Widely reported 45% emissions reduction necessary by 2030 actually closer to 60% - DoreenMichele
https://mobile.twitter.com/PeterBrannen1/status/1049438189918638080
======
anovikov
Why don't just accept the simple, and well-know fact that no emission
reduction is or will be possible, and CO2 emissions are going to continue
increasing, probably growing about 3x-4x by the end of the century, for as
long as there are non-renewable energy resources?

I am not a doomster, i know humankind will switch to renewable energy and is
already well on track to do that, it is possible even without any new large
scale inventions while these are coming too. It is just that after all,
mineral resources are free stuff.

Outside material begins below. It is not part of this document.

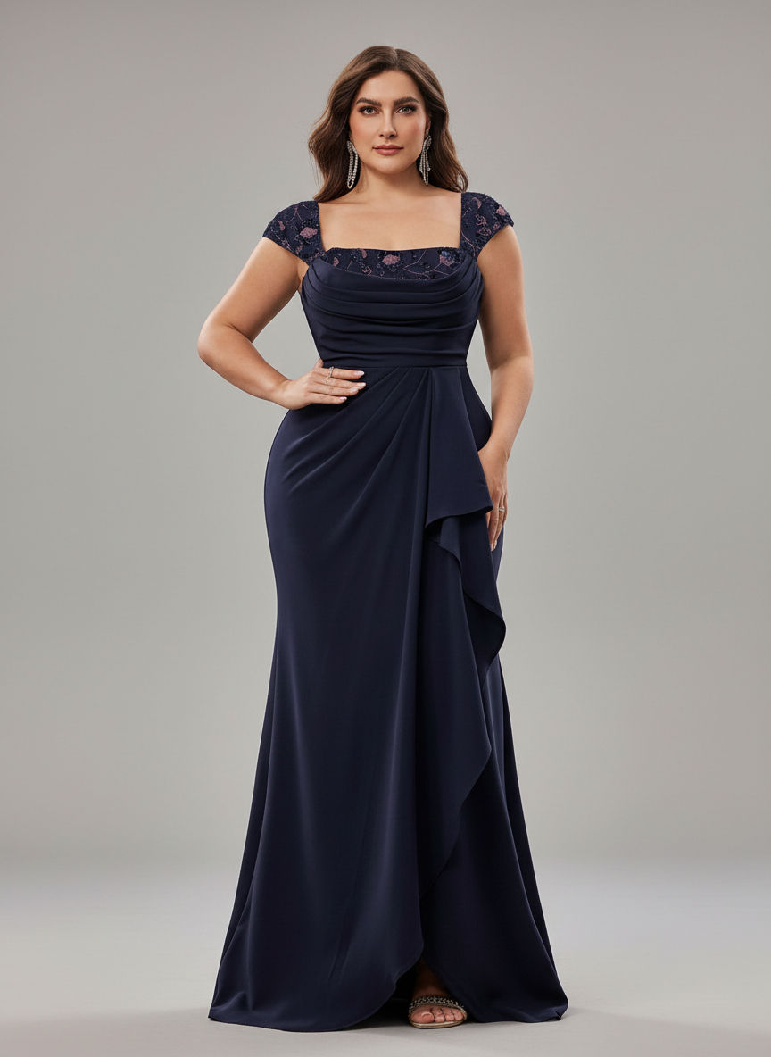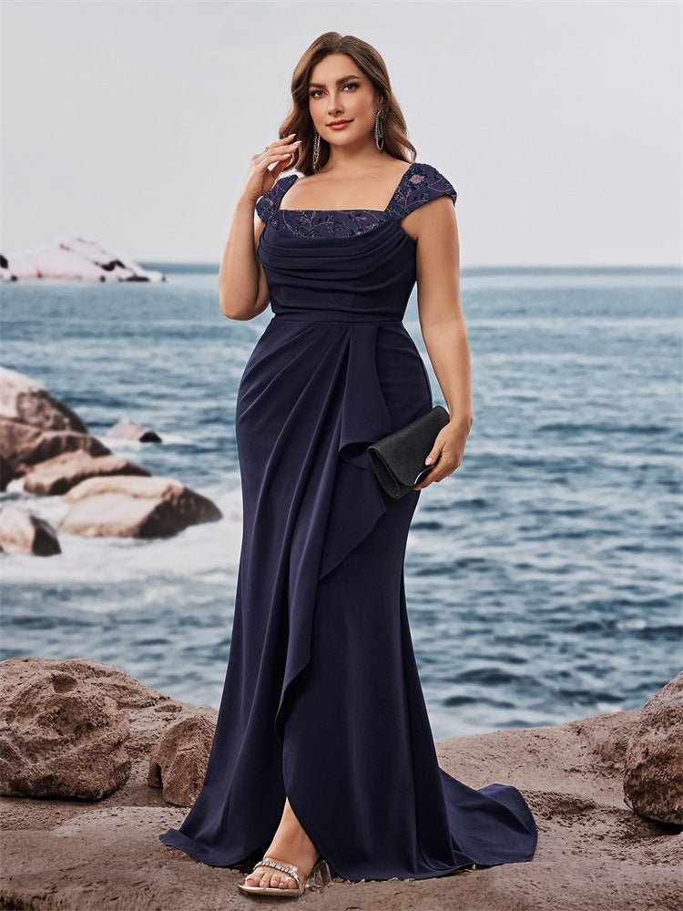 Plus Navy Blue Sequin Draped-Sleeve Formal Dress PXF25132

Free stuff is going to be used until it runs
out, or until the remaining portions of it will become too hard to get (and we
humans are very inventive when it comes to getting our hands on free stuff,
see shale revolution).

Just accept this as a fact and plan economic and social changes based on its
consequences.

Until you start simply nuking the countries which are using mineral resources,
any attempts to curb CO2 emissions mean only increasing them, as you will
decrease production of something which you probably do very efficiently (as
you are a developed nation), leaving market space for less developed, and less
efficient nation to produce same amounts of stuff, using more of the mineral
energy and producing more CO2. We humans are also highly competitive species.
We instinctively choose harming ourselves if it means harming our enemies even
more.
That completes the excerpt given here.